• **Exercise requirements**: Copy out exactly the stretch below, from the line with "Posiada zagłębienie na" through the line with "The formula features", both included; the pictures stay out.

• **Dataset**:
# # #

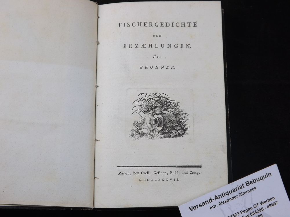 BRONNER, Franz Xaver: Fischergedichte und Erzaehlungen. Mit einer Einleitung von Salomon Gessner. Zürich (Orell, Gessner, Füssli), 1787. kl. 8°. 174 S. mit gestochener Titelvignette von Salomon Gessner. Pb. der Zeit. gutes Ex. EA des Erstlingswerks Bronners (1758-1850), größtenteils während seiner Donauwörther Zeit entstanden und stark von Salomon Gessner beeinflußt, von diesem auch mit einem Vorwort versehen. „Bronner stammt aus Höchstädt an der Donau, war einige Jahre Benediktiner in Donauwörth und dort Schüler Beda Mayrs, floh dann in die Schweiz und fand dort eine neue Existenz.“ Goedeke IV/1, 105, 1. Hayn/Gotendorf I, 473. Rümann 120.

# # #

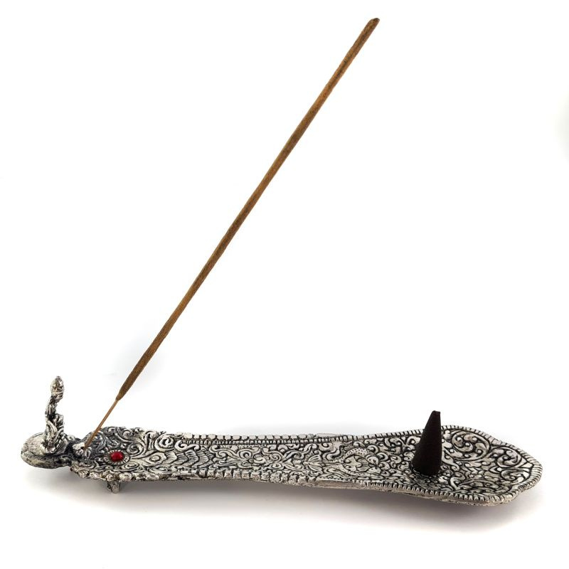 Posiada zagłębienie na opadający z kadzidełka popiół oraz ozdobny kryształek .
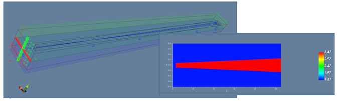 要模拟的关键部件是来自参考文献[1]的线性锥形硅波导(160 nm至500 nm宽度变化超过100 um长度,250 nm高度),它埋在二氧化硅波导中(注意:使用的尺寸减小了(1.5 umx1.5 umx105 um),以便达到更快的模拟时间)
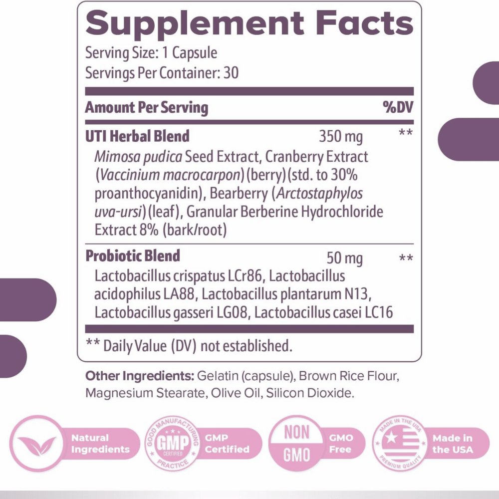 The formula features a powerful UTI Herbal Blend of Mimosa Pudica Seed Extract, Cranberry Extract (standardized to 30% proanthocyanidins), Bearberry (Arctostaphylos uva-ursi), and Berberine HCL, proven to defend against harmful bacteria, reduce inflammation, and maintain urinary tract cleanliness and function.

# # #

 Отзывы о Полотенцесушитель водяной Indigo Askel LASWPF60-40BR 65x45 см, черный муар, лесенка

# # #

• **Task output**:
 Posiada zagłębienie na opadający z kadzidełka popiół oraz ozdobny kryształek .
 要模拟的关键部件是来自参考文献[1]的线性锥形硅波导(160 nm至500 nm宽度变化超过100 um长度,250 nm高度),它埋在二氧化硅波导中(注意:使用的尺寸减小了(1.5 umx1.5 umx105 um),以便达到更快的模拟时间)
 The formula features a powerful UTI Herbal Blend of Mimosa Pudica Seed Extract, Cranberry Extract (standardized to 30% proanthocyanidins), Bearberry (Arctostaphylos uva-ursi), and Berberine HCL, proven to defend against harmful bacteria, reduce inflammation, and maintain urinary tract cleanliness and function.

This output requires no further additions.